— Я знаю, — холодно ответила Бет. — Она мне сказала об этом в тот день, когда родился Джейси… Я тогда попросила ее быть ему бабушкой.
— И правильно сделала… У тебя измученный вид, Бет, — снова резко сменил он тему. — Тебе надо хорошо поспать сегодня. Сейчас я принесу чего-нибудь, — сказал он и вышел из кухни.
Вернулся он скоро и протянул ей стакан.
— Не бойся, я тебя не отравлю, — сухо сказал он, заметив, как нерешительно она взяла стакан. — Это травяная успокаивающая настойка, которую мы даем детям при стрессовых состояниях.
Бет так и подмывало сказать, что вряд ли травы помогут ей избавиться от стресса, который он вызывает у нее. Но молча выпила кисловатую жидкость, пожелала ему спокойной ночи и ушла в свою комнату.
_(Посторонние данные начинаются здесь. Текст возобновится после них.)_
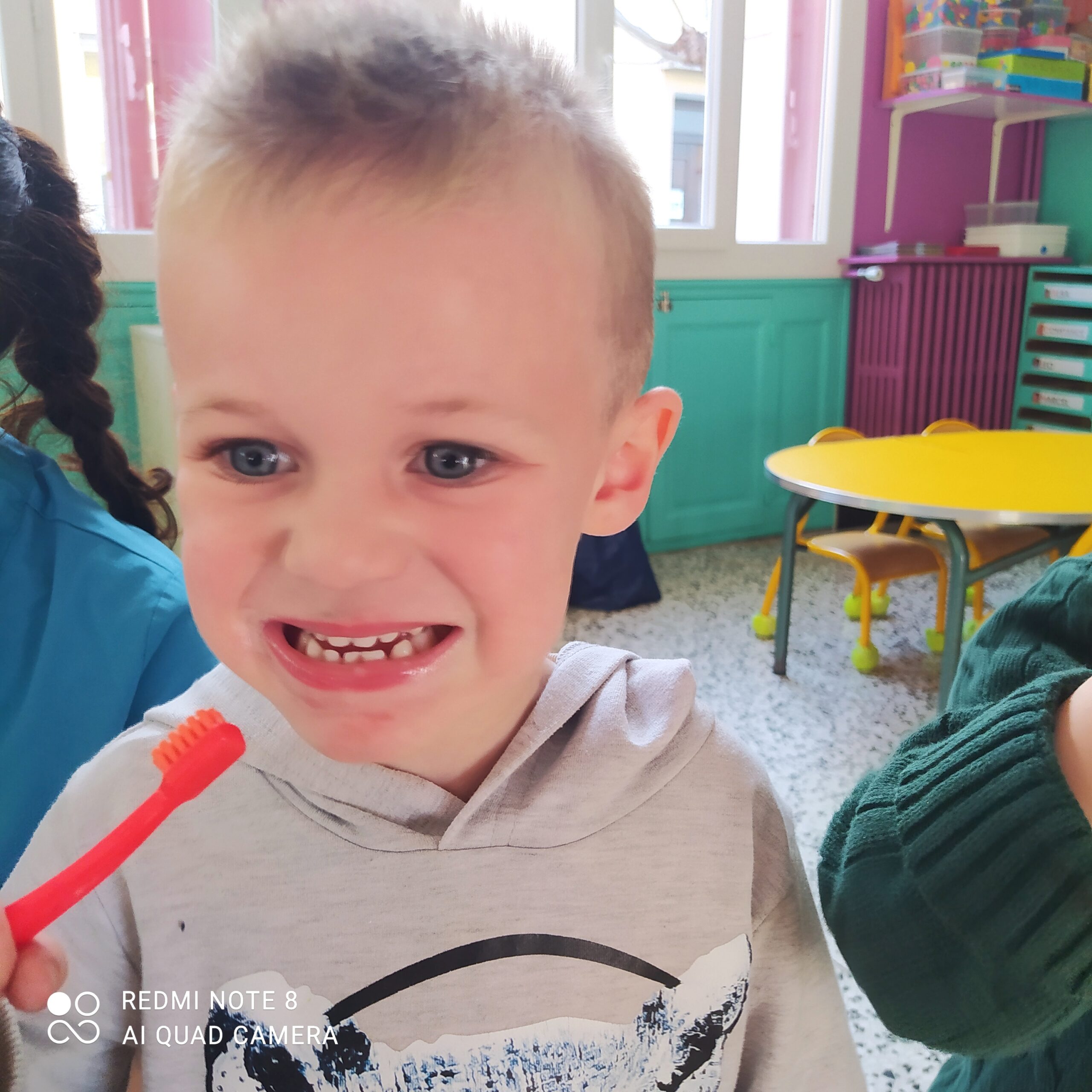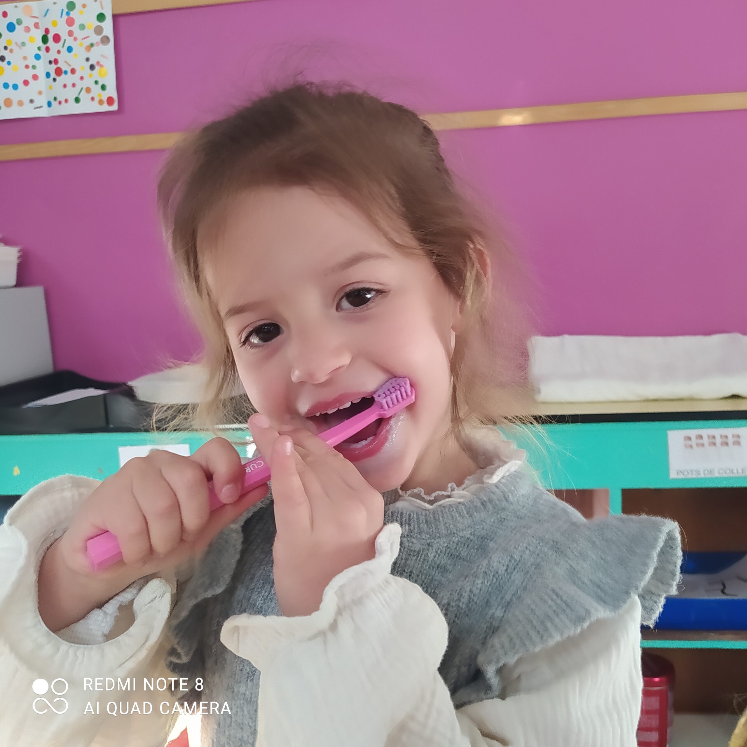 – » Après chaque repas je frotte mes dents doucement à l’aide d’une brosse à dent et un peu de dentifrice, de la gencive vers les dents dans un mouvement circulaire, puis sur les dents sans oublier la langue ! »

Пока она мылась, ее не переставал мучить стыд, что она так распустила нюни. В глубине сознания маячила мысль, что причина срыва кроется глубже, чем она думала. Но Бет никак не могла ее определить, та пряталась где-то очень далеко.
Прошел час, а Бет все крутилась в постели, превозмогая действие настойки и страшной усталости, и пыталась понять подоплеку своего состояния.
Напрягая ум, требующий сна, она восстанавливала шаг за шагом все события дня. И вдруг села, вспомнив, что перед тем, как разрыдалась, ее охватил безотчетный страх… Что, если это была непроизвольная реакция на слезы Хайме, смотревшего на Джейси? На слезы отчаяния, вызванного состоянием Джейси, о котором он не решился ей сказать?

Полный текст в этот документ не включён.